**TASK ITEM:** Pictures in the data must not be copied, but everything else should be output exactly.

**PROVIDED INFORMATION:**
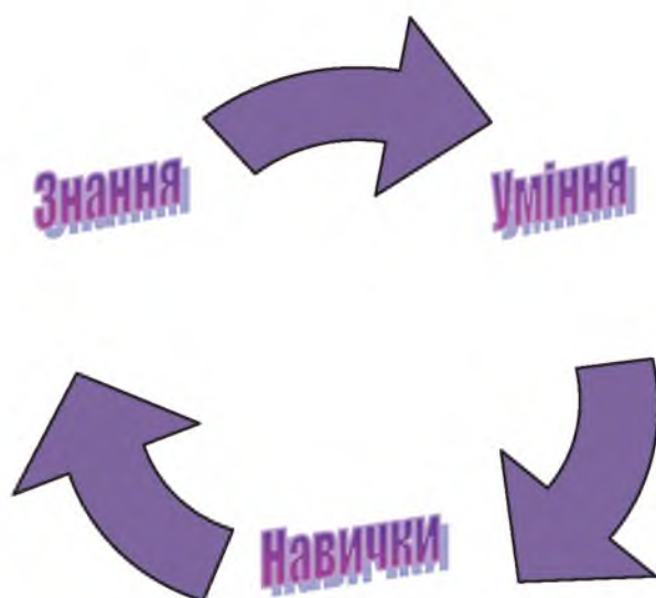
Рис. 2. Складові поняття «термінологічна компетентність»

Термінологічна компетентність виражає значення традиційної тріади «знання–уміння–навички», інтегруючи їх у єдиний комплекс (рис. 2). Цей аспект має важливе значення, оскільки сприяє цілісній підготовці фахівців бібліотечної галузі, розвиває їхню професійну культуру, комунікативну компетентність.
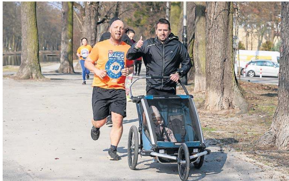
Parkrun Bydgoszcz - 28 marca 2026
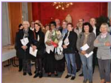
Les remises de médailles du travail sont toujours un moment émouvant
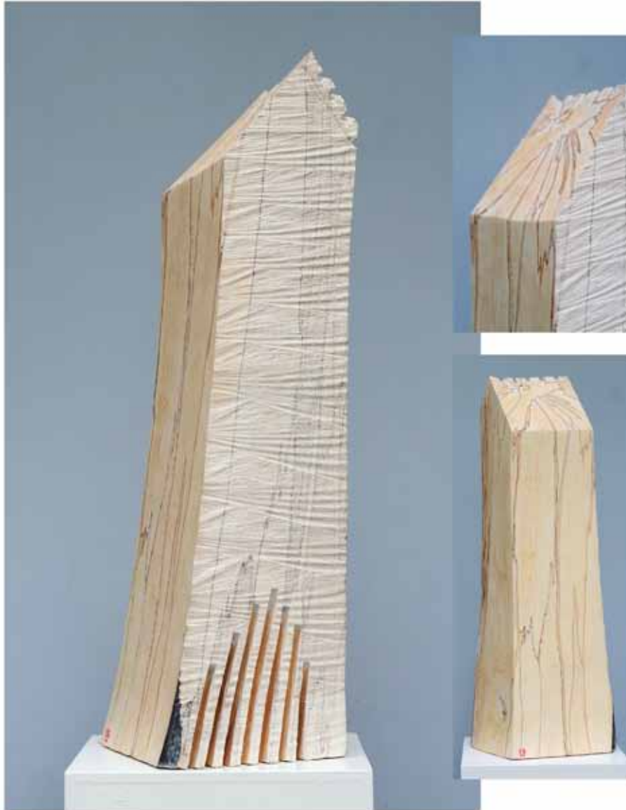
"Innocent Houses #7976; ca.69x20x18; Esche, Öl, Pigmente; 2017
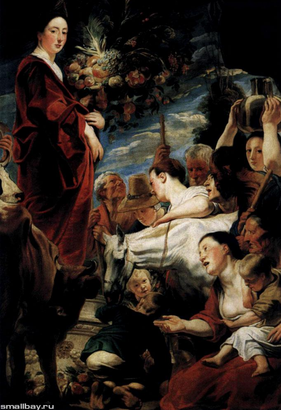
Подношение Церере, богине урожая 1618-1620, Музей Прадо, Мадрид
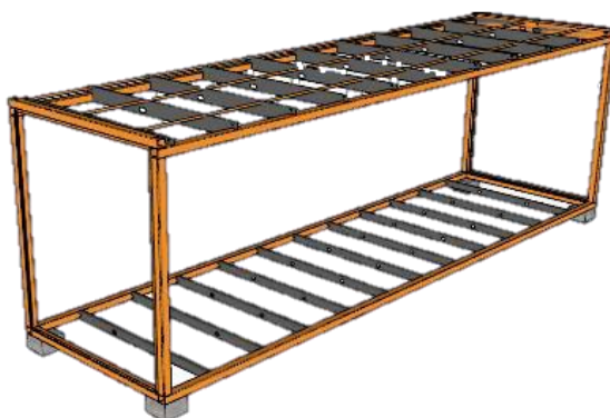
Referência de módulo fabricado
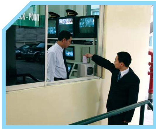
KIỂM TRA CÁC THIẾT BỊ MANG VÀO KHÁCH SẠN
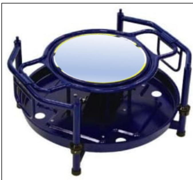
ケーブルリールの写真
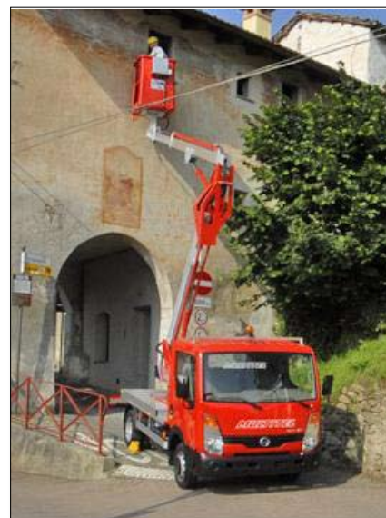
Multitel MX 130 (utan stödben)

Storsäljaren MX 200 med 20 m arbetshöjd är en smidig lift med bra prestanda.
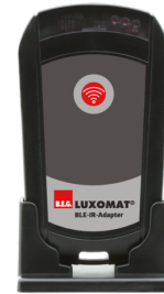
BLE-IR-Adapter Art.nr.: 93067

Spanning: 230 V AC \pm 10\% Afmetingen: 50 x 23 x 8 mm Beschermingsgraad/-klasse: IP20 / Klasse II
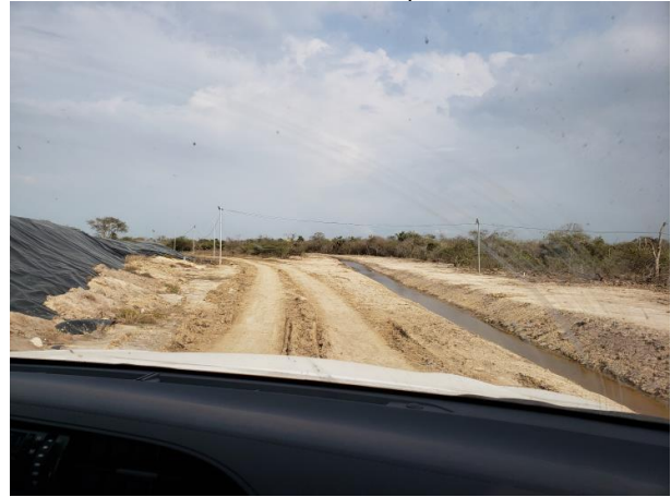
Foto 3. Vía interna parte 2.
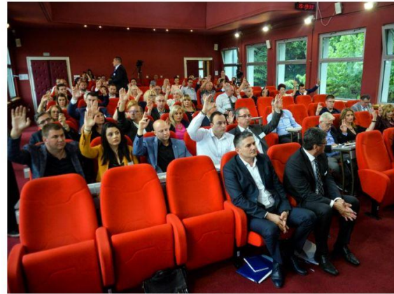
Odbornici vladajuće većine glasali 'za', foto: Vanja Keer

Istina, u dokumentu se pominje da je za ulaganja i realizaciju strategije razvoja potrebna podrška Države ili obezbeđivanje sredstava na tržištu kapitala, ali ne i informacija o tome da postoji neki problem da se sredstva obezbede na taj način niti da li je o tom uopšte bilo govora na relaciji Grad Niš – Republika Srbija.

**OUTPUT OF THE TASK:**
Рис. 2. Складові поняття «термінологічна компетентність»

Термінологічна компетентність виражає значення традиційної тріади «знання–уміння–навички», інтегруючи їх у єдиний комплекс (рис. 2). Цей аспект має важливе значення, оскільки сприяє цілісній підготовці фахівців бібліотечної галузі, розвиває їхню професійну культуру, комунікативну компетентність.
Parkrun Bydgoszcz - 28 marca 2026
Les remises de médailles du travail sont toujours un moment émouvant
"Innocent Houses #7976; ca.69x20x18; Esche, Öl, Pigmente; 2017
Подношение Церере, богине урожая 1618-1620, Музей Прадо, Мадрид
Referência de módulo fabricado
KIỂM TRA CÁC THIẾT BỊ MANG VÀO KHÁCH SẠN
ケーブルリールの写真
Multitel MX 130 (utan stödben)

Storsäljaren MX 200 med 20 m arbetshöjd är en smidig lift med bra prestanda.
BLE-IR-Adapter Art.nr.: 93067

Spanning: 230 V AC \pm 10\% Afmetingen: 50 x 23 x 8 mm Beschermingsgraad/-klasse: IP20 / Klasse II
Foto 3. Vía interna parte 2.
Odbornici vladajuće većine glasali 'za', foto: Vanja Keer

Istina, u dokumentu se pominje da je za ulaganja i realizaciju strategije razvoja potrebna podrška Države ili obezbeđivanje sredstava na tržištu kapitala, ali ne i informacija o tome da postoji neki problem da se sredstva obezbede na taj način niti da li je o tom uopšte bilo govora na relaciji Grad Niš – Republika Srbija.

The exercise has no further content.